Perhaps, but it might be cleaner to rewrite the rrule for getproperty to accumulate cotangents of factors and then for the rrule of cholesky to work with the cotangent of factors like what we do with lu:

Yes, that sounds simpler.

devmotion commented 2 years ago

Is there one you can construct from the Zygote failures you mentioned?

These Zygote failures happen once one removes the Zygote adjoint for cholesky. Then basically even the simplest examples start to fail. E.g., the linked issue above is triggered by https://github.com/FluxML/Zygote.jl/blob/af8aee4d8acc94bdfa8b9a1c7e16ef0b6a3df32e/test/gradcheck.jl#L650.

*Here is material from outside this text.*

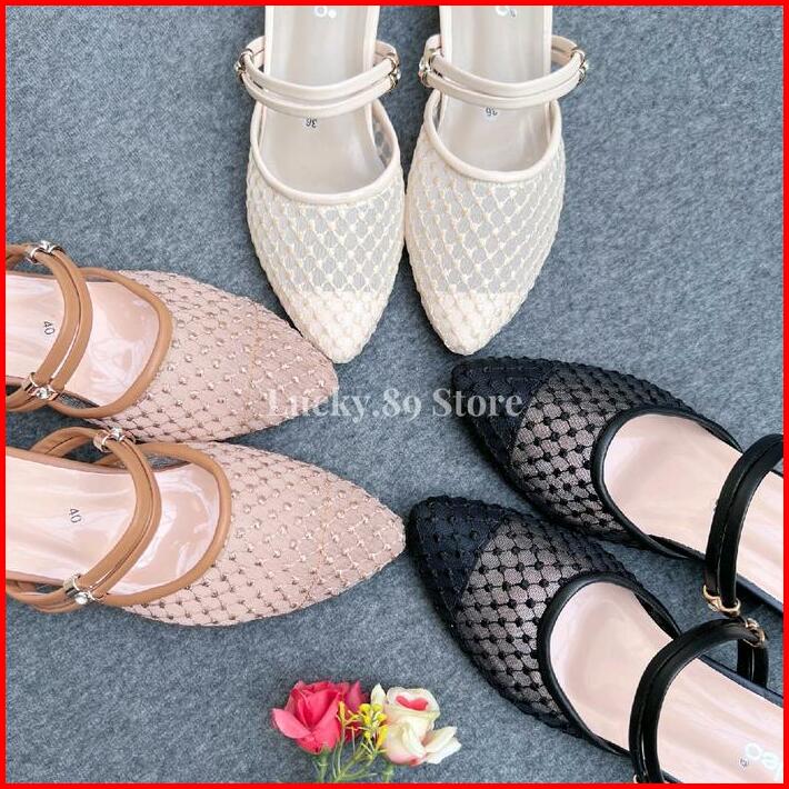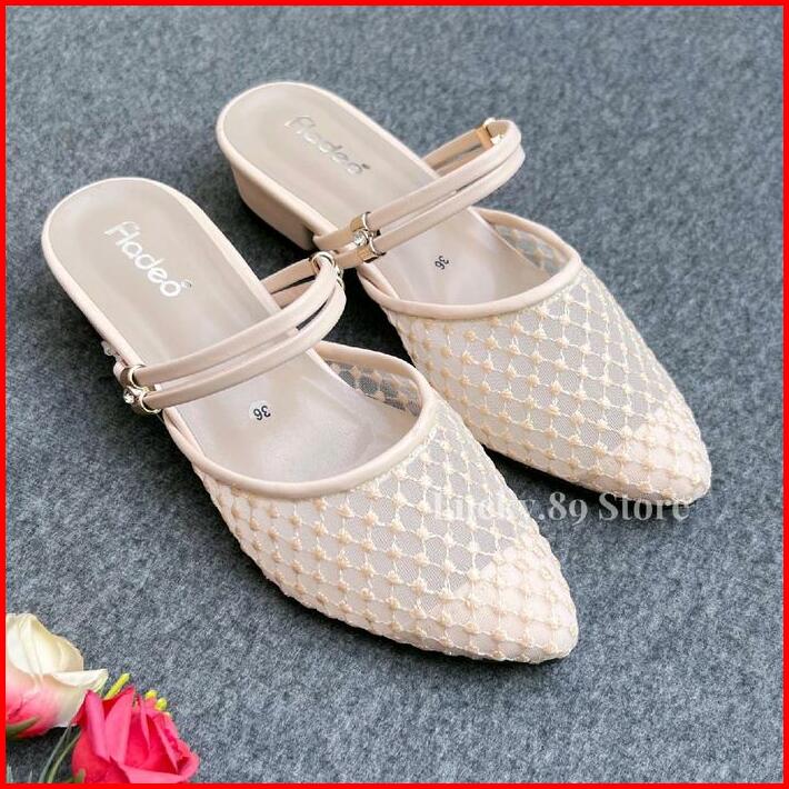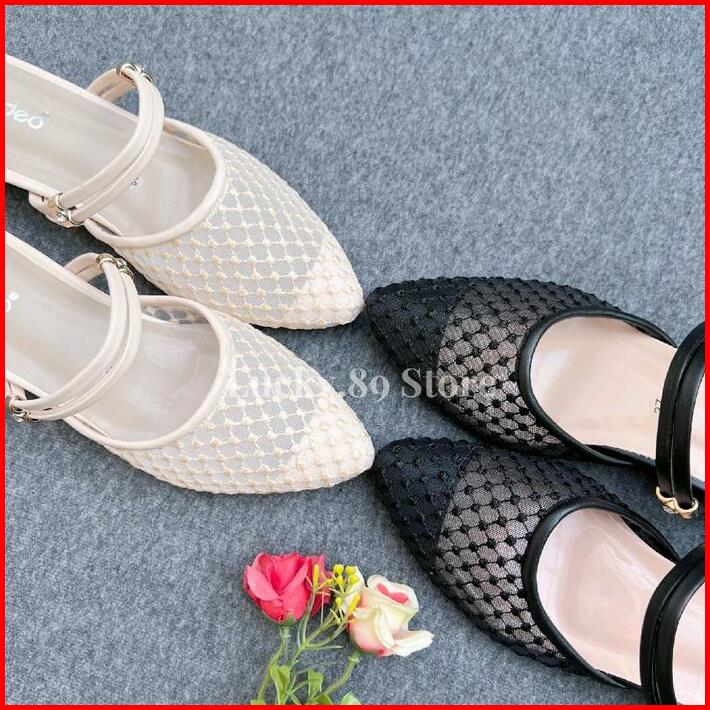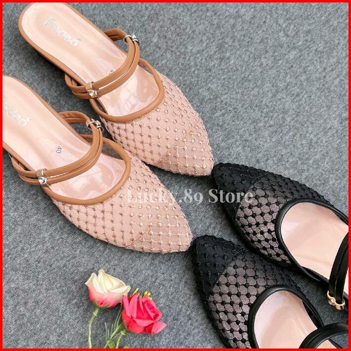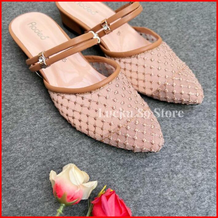 Fladeo Sandal Wanita Brukat Heels 3 Cm Sendal Cantik Mewah
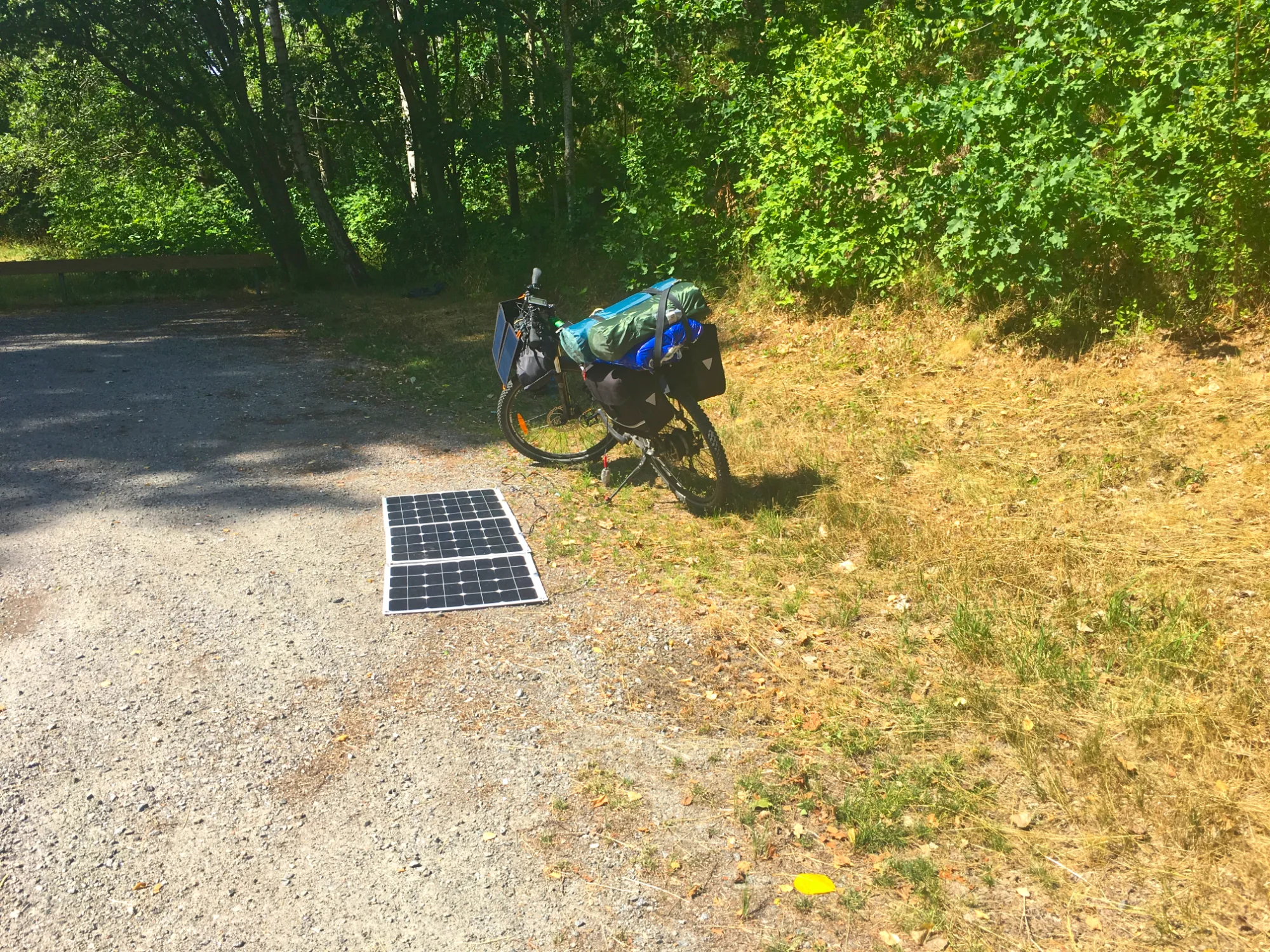 I rode my bike for about 45 km until about 12.00 am. At this time I stopped for a long break to top up the battery on my bike. So I dismounted the solar panels and passed the time with reading some in my book and eating some quite sour apples from a tree.

sethaxen commented 2 years ago

Is there one you can construct from the Zygote failures you mentioned?

These Zygote failures happen once one removes the Zygote adjoint for cholesky. Then basically even the simplest examples start to fail. E.g., the linked issue above is triggered by https://github.com/FluxML/Zygote.jl/blob/af8aee4d8acc94bdfa8b9a1c7e16ef0b6a3df32e/test/gradcheck.jl#L650.

The main issue there is that the function \ depends on the adjoints for cholesky and \(::Cholesky, ::AbstractVecOrMat), both of which are composeable in Zygote. The linked PR deletes only Zygote's adjoint for cholesky, and its adjoint for \ does not compose well with ChainRules's, since it's written in terms of factors. We should actually have the \ rrule here in ChainRules.

I'll open up PRs to both use factors in the cholesky-related rrules and to migrate the rrule for \ to here.